Intel hired Lexicon again in 1998 to name the Celeron and Xeon chips. The San Jose Mercury News described Lexicon's reasoning behind the former name: "Celer is Latin for swift. As in 'accelerate.' And 'on.' As in 'turned on.' Celeron is seven letters and three syllables, like Pentium. The 'Cel' of Celeron rhymes with 'tel' of Intel." Placek told the San Francisco Chronicle said that the "X" of "Xeon" evokes "the next generation", "eon" refers to the long period of time, and the novelty of the name as a whole reflects the product's novelty. It also was supposed to recall "Pentium's Greek roots".
In 1997, Sony's retail division hired Lexicon to name a new shopping center in downtown San Francisco. Lexicon chose the name Metreon because they believed the metr- suffix evoked words like "metropolitan" and "meteor", the latter "suggesting something sophisticated, exciting and fast-moving".
In 1998, Lexicon came up with a new name for the company then known as Borland International: Inprise. Borland CEO Del Yocam explained at the time that the new name was meant to evoke "integrating the enterprise". Analysts said Borland proved to be a stronger brand, and by 2000 the company had switched the name back.

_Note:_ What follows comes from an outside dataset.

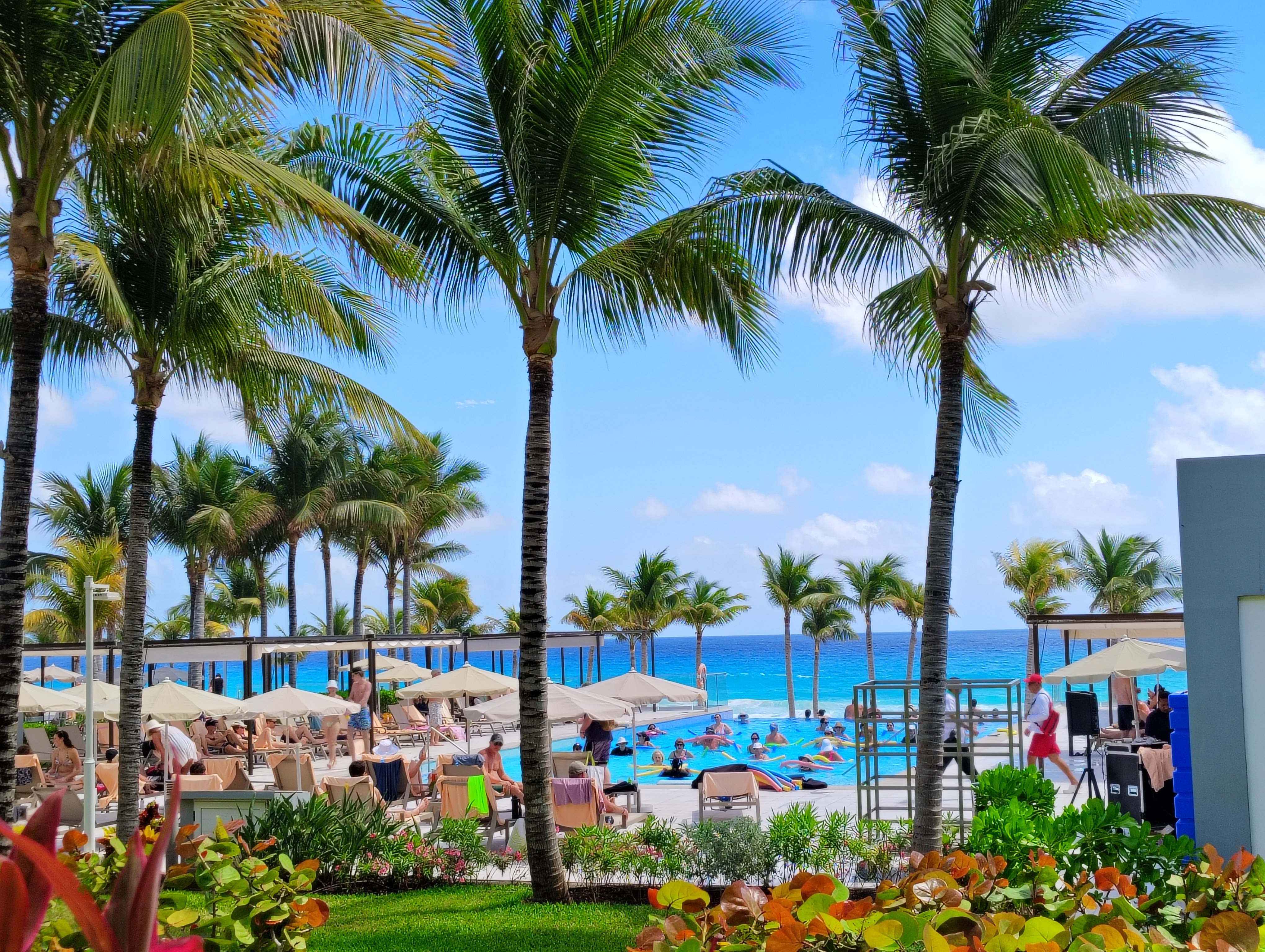 Based on first impressions, the current vibe among hotel guests is one advisors might expect: vacation mode. People are living their best all-inclusive lives and seem to be enjoying the Cancun experience as much as travelers typically do. When I walked down to the beach, it was lined with sunbathers and swimmers, and one of the hotel pools was even hosting an aerobics class. The bars and restaurants are filled with patrons, and arriving vacationers are trickling into the lobby ready to check-in. The majority of people seem in good spirits, and the fun and relaxation is in full swing.

Research In Motion hired Lexicon in 1998 to name their new two-way pager. RIM came with several ideas, including EasyMail, MegaMail, and ProMail. Based on interviews with San Francisco Bay Area commuters, Lexicon determined that referring to e-mail in the name would induce stress in users. Encouraging RIM to choose a name that larger competitors would never think of, Lexicon proposed BlackBerry. The second B was capitalized because a linguistic study funded by Lexicon suggested that the letter "B" is, in The New Yorker's words, "one of the most 'reliable' in any language". Lexicon research also suggested that repetition of the B would promote relaxation in users.
In 2006, Microsoft approached Lexicon to find a name for its new portable media player to compete with Apple's iPod. Placek assigned three teams to come up with three names: one for the Microsoft player, one for a hypothetical Sony player, one for "a broadband experience for MTV." He refused to tell the San Francisco Chronicle which team came up with "Zune", the name Microsoft chose. Placek said the name was chosen because the "Z" was perceived as fun and irreverent, it has one syllable compared with iPod's two, and it has a musical sound that rhymes with iTunes, Apple's media distribution platform. Controversies arose due to similarities between the name and vulgar words in Hebrew and Canadian French. In 2008, Lexicon came up with the name of Microsoft's Azure Services Platform.
Lexicon also christened Subaru's Outback and Forester vehicles, Procter & Gamble's Swiffer cleaner, Levi Strauss & Co.'s Slates dress pants, the Oldsmobile Alero, Embassy Suites Hotels, Hewlett-Packard's DeskJet printer line, Nestlé's Dibs confection, Colgate's Wisp miniature toothbrush, the Coca-Cola Company's Dasani bottled water, the Toyota Scion, P&G's Febreze odor eliminator, and OnStar.